Внезапно оглушающее ничего нарушил легкий вакуумный толчок, приведший в движение курящиеся клубы тумана. Спустя какое-то время толчок повторился, а после стал наращивать свою частоту и амплитуду, разгоняя побелевшую дымку. Пелена начинала спадать, а толчки начали напоминать мощные удары сердечной мышцы, тщетно пытающейся разогнать загустевшую кровь по застывшим жилам. Появилось ощущение того, будто молодой здоровый кузнец с силой что есть мочи бьет своим молотом по наковальне, коей является тонкая грань височной доли, отзывающаяся пронизывающей тупой болью.
В нос с невероятной жизненной силой ударил запах горелого мяса, к которому мгновением позже примешалось горелое дерево, известка, пыль и бог еще знает что. В ушах по-прежнему стоял гул, не давая прийти в себя.

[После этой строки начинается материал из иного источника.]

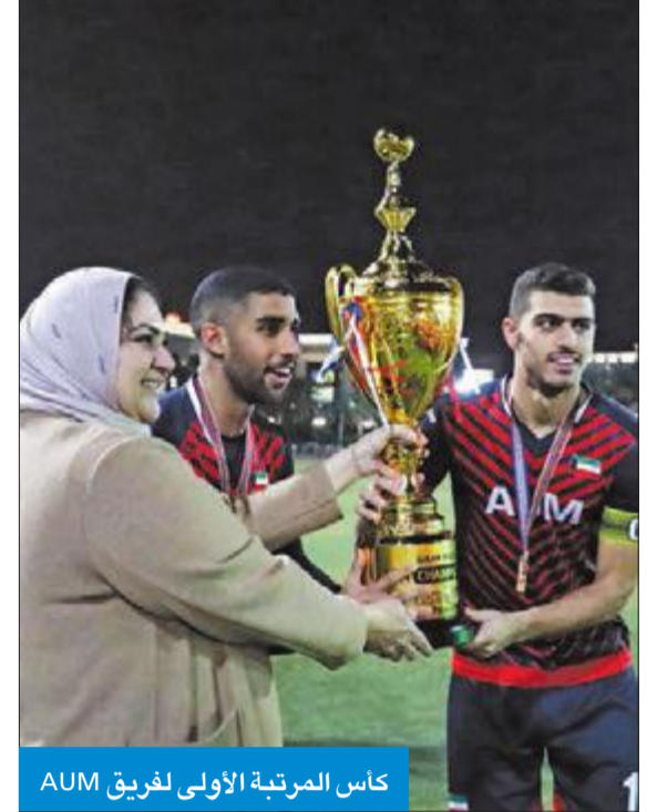
كأس المرتبة الأولى لفريق AUM

تواصل مسيرة الإنجازات التي يحققها طلاب جامعة الشرق الأوسط الأميركية (AUM) على المستوى الرياضي، فقد توج فريق الجامعة لكرة القدم، للمرة الثانية على التوالي ومن دون تسجيل أي خسارة، بطلاً لدوري الجامعات الخاصة في الكويت (UAAK)، بعد مباراة حماسية جمعه بنظيره من الجامعة العربية المفتوحة (AOU)، التي انتهت بنتيجة 2-0، أمس الأول في حرم الجامعة بالعقيلة.
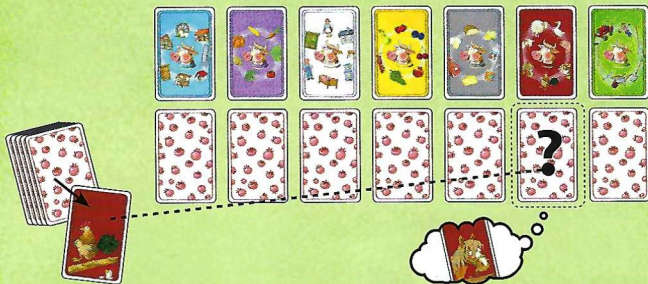
Abb. 3: Eine rote Hofkarte wird vom Stapel aufgedeckt. Es geht jetzt um das Motiv der verdeckt unter der roten Themenkarte liegenden Karte. Wer als Erster „Pferd“ ruft, legt die „Pferd“-Karte als Siegpunkt vor sich ab.

So, alles ist umgedreht. Habt ihr euch alles gut gemerkt? Denn jetzt geht es los! Wer zuletzt eine Tomate gegessen hat, nimmt den Kartenstapel und deckt die oberste Karte so auf, dass alle Spieler sie gleichzeitig sehen können.

Авель с огромным трудом разлепил правый глаз — левый отказывался повиноваться, оставаясь закрытым. К телу постепенно возвращалась чувствительность, мягкой волной приводя осязание организма в распаляющиеся клубки натянутых нитей, малейшее касание которых вызывало нестерпимую боль. Быстрее всех пришла в себя правая рука, оповестив о себе неприятным зудом, после чего в грудной клетке при каждом новом вздохе становилось так тяжело и горячо, словно с новой порцией кислорода на ребра выливали чан кипящего масла. Через минуту стало ломить ноги. Левая рука включилась последней, и наемник тут же почувствовал теплую вязкую лужицу под её непослушными пальцами.
Негнущейся правой руки Авель попытался высвободиться из-под пригоревшего к коже плаща, точнее, того, что от него осталось. Ему это удалось. Медленным движением он поднял покалеченную руку, с трудом оторванную от оплавленного материала. Слава богу, вызванный взрывом жар был практически мгновенным, отчего стальная прошивка верхней одежды не успела поддаться плавлению. Иначе было бы совсем туго.

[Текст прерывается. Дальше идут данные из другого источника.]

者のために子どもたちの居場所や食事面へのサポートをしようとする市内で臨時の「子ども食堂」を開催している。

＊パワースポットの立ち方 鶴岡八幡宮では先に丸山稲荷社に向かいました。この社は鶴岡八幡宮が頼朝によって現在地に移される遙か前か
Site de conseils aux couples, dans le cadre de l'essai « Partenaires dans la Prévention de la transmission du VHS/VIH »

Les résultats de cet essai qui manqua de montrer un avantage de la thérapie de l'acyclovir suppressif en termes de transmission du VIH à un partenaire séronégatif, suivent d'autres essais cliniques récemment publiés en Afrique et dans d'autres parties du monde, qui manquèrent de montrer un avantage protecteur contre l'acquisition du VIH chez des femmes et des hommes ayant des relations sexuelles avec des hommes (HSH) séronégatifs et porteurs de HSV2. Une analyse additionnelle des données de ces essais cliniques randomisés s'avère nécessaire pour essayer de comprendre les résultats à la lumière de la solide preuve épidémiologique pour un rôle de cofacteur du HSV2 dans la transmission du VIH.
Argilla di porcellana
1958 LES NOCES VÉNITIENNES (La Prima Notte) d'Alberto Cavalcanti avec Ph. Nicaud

Свободной рукой наемник отодрал ото лба пригоревший высокий ворот, после чего насколько мог освободил покрытый запекшейся кровью левый глаз. Грудь саднила от пригоревшего к ней пласта грубой кожи с белым треугольником, — символом, по которому знали Авеля во всех частях света, где он только бывал. Попытка расстаться с куском нагоревшей кожи была тщетной, вдобавок к этому по животу побежала свежая струйка теплой крови.
Наемник с огромным трудом сел и попытался оглядеться. Вокруг царил хаос. От двадцать девятого номера не осталось практически ничего. Мебель была разорвана в щепки, пола не было, все заволакивал черный едкий дым горения стройматериалов. Сам же Авель сидел в коридоре, выброшенный ударной волной из комнаты. Стены едва стояли на месте, пожираемые огнем и казалось, будто это крыло гостиницы вот-вот схлопнет выгоревший этаж. Времени на размышления не было, нужно было срочно выбираться.
Пытаясь подняться, он старался вспомнить последние секунды до взрыва, но в голове всплыло только то, что, повинуясь первобытному инстинкту, ему удалось схватить свой грязный плащ, висящий у входа на вешалке. И он буквально спас ему жизнь, приняв весь обжигающий жар на себя и защитив в последний раз своего владельца. Авель посмотрел на левую руку. Открытый перелом локтя. Кровь запеклась, а кожа плаща запечатала открывшуюся рану.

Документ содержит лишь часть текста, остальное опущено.